Darien, during an interview with police, denied any connection to the “existence and release of the recording” and said he did not know the person who emailed him the recording, according to the charging document. But the police, after subpoenaing Google, were able to link the email account to Darien.

As part of their investigation, police asked a University of Colorado forensic analyst who has worked with the FBI to listen to the recordings. The analyst, according to the charging document, concluded that “the recording contained traces of AI-generated content with human editing after the fact, which added background vocals for realism.”

Farid said he was the second forensic expert identified in the charging document, which cited investigators as saying “recordings were manipulated and multiple recordings were stitched together.”
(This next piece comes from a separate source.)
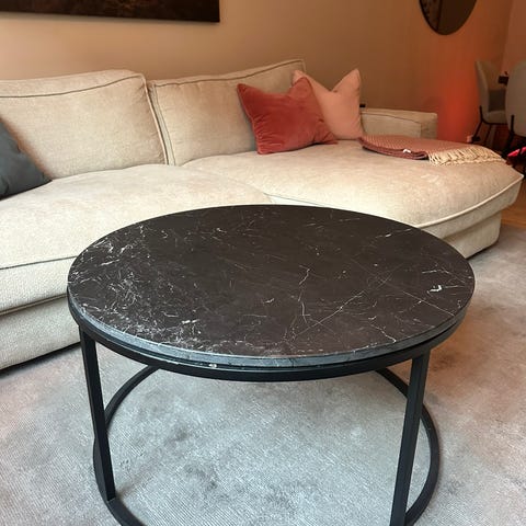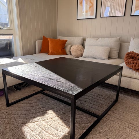 Pent brukt bord fra kremmerhuset. Noen små men ubetydelige bruksmerker i glassplaten. Små riper som ikke synes for det blotte øyet. Vanskelig å ta bilde av pga gjenskinn i glasset.
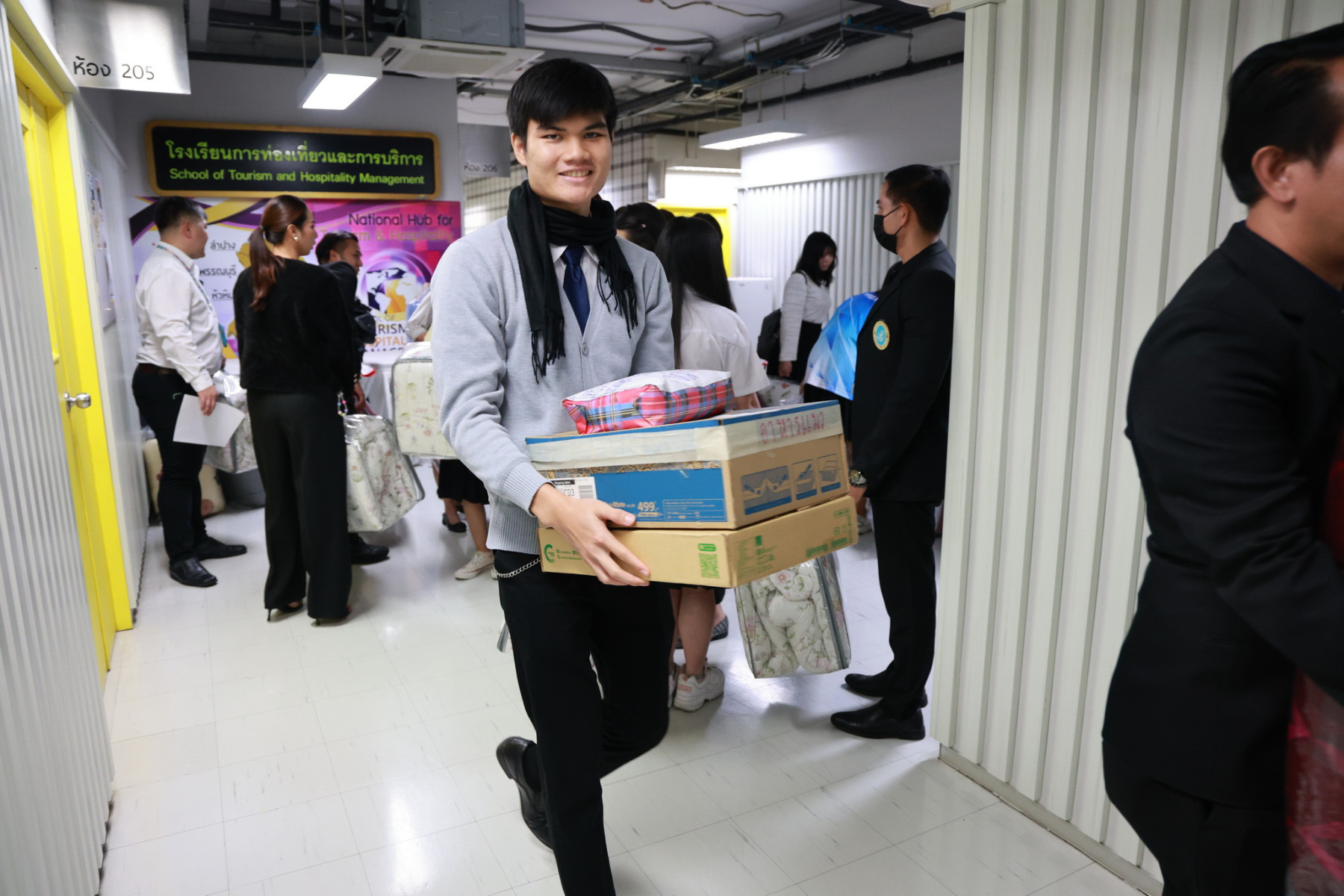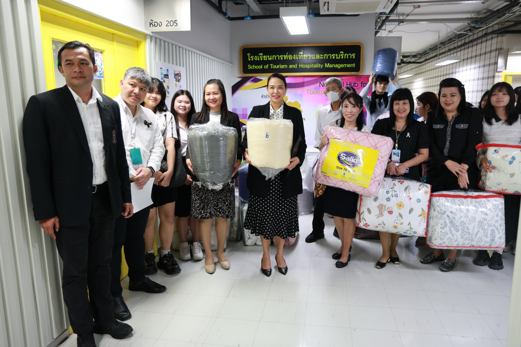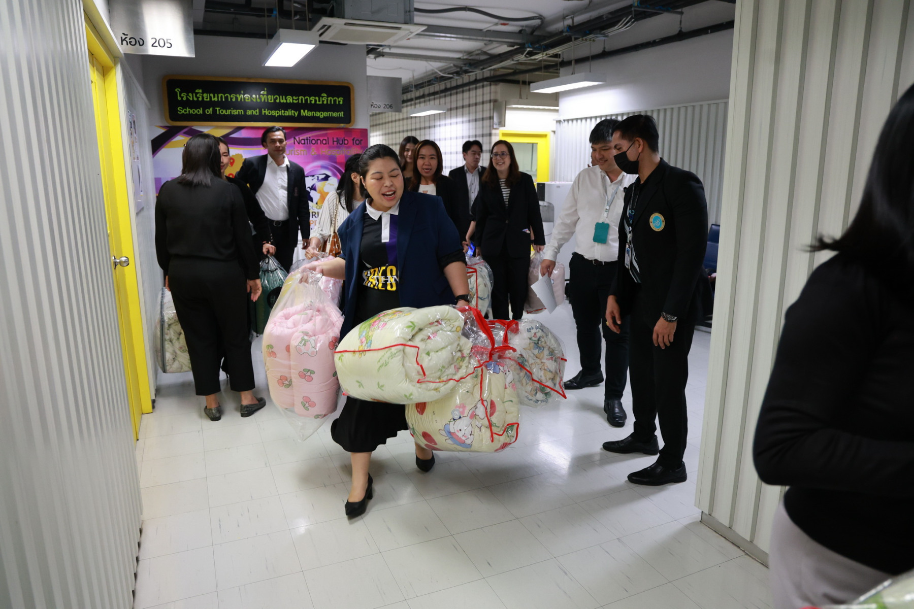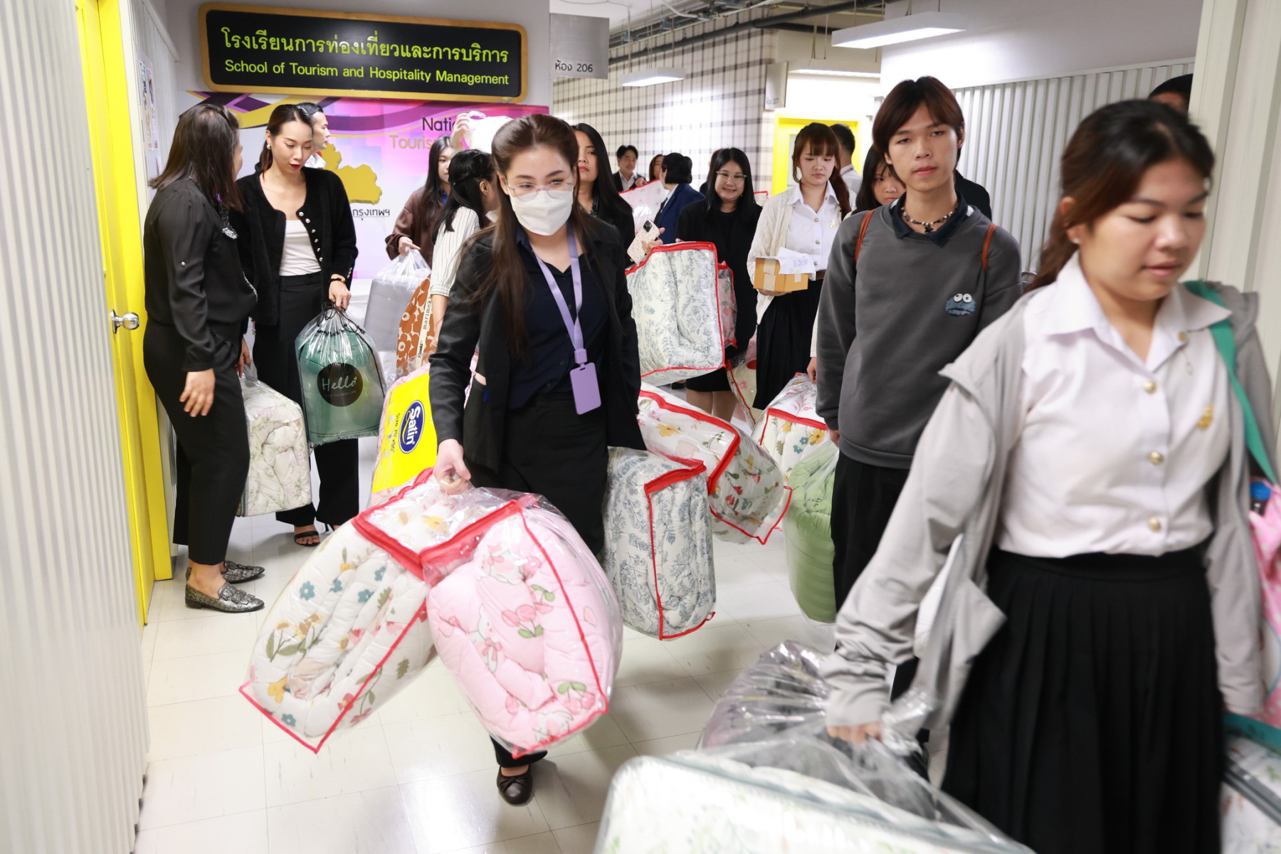 ผู้ช่วยศาสตราจารย์ ดร.พิมพ์มาดา วิชาศิลป์ คณบดีโรงเรียนการท่องเที่ยวและการบริการ เป็นตัวแทนมอบผ้าห่มอุ่นใจ เพื่อพี่น้องผู้ประสบอุทกภัยภาคใต้ ซึ่งร่วมกับ กาชาดจังหวัดนครนายก สภากาชาดไทย ณ หน้าอาคาร 2 ลานชั้น 1 วันที่ 4 ธันวาคม 2568

Investigators said they determined Darien had a paid account for OpenAI tools. The company makes ChatGPT and the image generator Dall-E. But it's unclear which specific service was used to create the AI-generated audio clone.

The incident is one of several high-profile domestic cases in which the AI ​​audio DeepFax has wreaked havoc. In January, a Democratic political operative faked President Biden's voice for a robocall urging New Hampshire primary voters not to go to the polls. According to New Hampshire Deputy Attorney General James Bofti, the investigation is ongoing, and no criminal charges have yet been filed.

Legal experts say the Baltimore arrest is of interest, as criminal cases involving AI-generated deepfakes are rare. No federal deepfake law exists, and while more than three dozen state legislatures are moving forward on AI bills, proposals to regulate deepfakes are largely limited to political ads and nonconsensual pornography.

Tamarin Lindenberg, founder of Lindenberg Law Group, said a remarkable aspect of the Baltimore case is that the alleged perpetrator is not a shadowy, anonymous cyber network but a co-worker. “Abusers are not who you think they are,” he said. “It's a colleague, it's someone else at school.”

Farid said this The cases won't stop anytime soon given the rise of accessible, high-quality voice cloning tools. “Now that commercial applications for voice cloning … are available to anyone at minimal cost,” he said, “I hope we'll see more cases like this.”

Gert de Wenk contributed to this report.